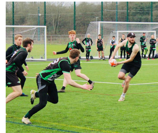
Elite Winter Series / R1 / Nottingham

We are confident of generating a surplus in 2022 as we rebuild post pandemic and will see incomes and surpluses increase during the next two-years. By year end September 2024, we expect to be generating a £16,000 surplus and reserves to be at £55,000.
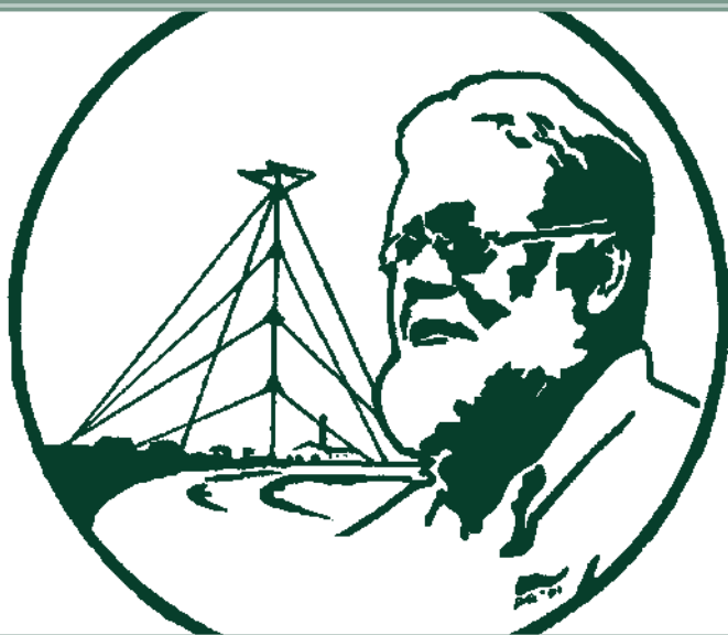
Reginald Fessenden and Radio Tower

On Christmas Eve 1906, Reginald Aubrey Fessenden made the first audio radio broadcast in history. Telegraph operators on ships in the Atlantic Ocean were shocked to hear a human voice emitting from the equipment they used to receive Morse code. Many operators called their captains to the radio room, where they heard Fessenden make a short speech, play a record, and perform a rendition of "O Holy Night" on his violin.
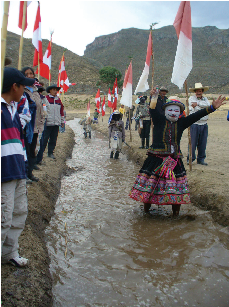
FIGURE 3 Water management in Coporaque includes many customary practices that play a key role in reproducing local water rights, alongside the standardized rules of the Water User Association.

with local preferences in irrigation management, still runs across the communities of the Colca Valley. As shown here, the nature of struggles to claim water and take-up of new water governance rules and recommended irrigation practices do vary across the Colca Valley, and these differences demonstrate the ethno-politics of water governance emerging alongside the state Water Law (Vera 2011). Ethno-politics show us the processes by which communities, while still maintaining their collective identity, increase their security of water supply not only through conflictive processes of cultural politics or frontal resistance, but also through alternative and creative processes; whereby people appropriate, adapt
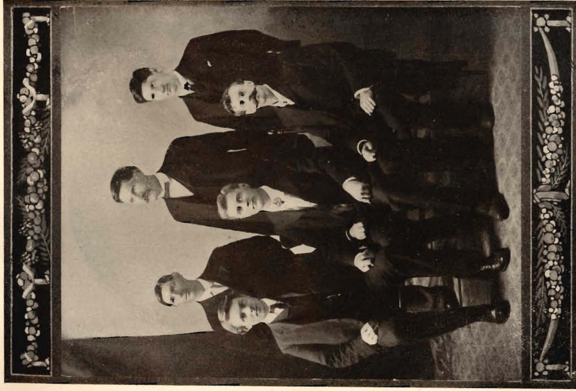
BALLARD ISL. SINGING SOCIETY
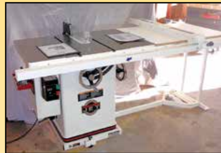
JET 10" TABLE SAW WITH XACTA FENCE AND EXTENSION
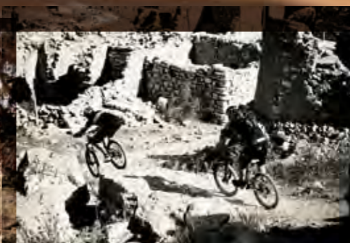
Above: Wadi Dana: 4,000 years of history and a 14km downhill — both proved too much to resist

__Task directions__:
Leave out every picture, and write out exactly the lines from the one with "FENCE AND EXTENSION" through the end of the records above, both ends included.

__Reply to the exercise__:
JET 10" TABLE SAW WITH XACTA FENCE AND EXTENSION
Above: Wadi Dana: 4,000 years of history and a 14km downhill — both proved too much to resist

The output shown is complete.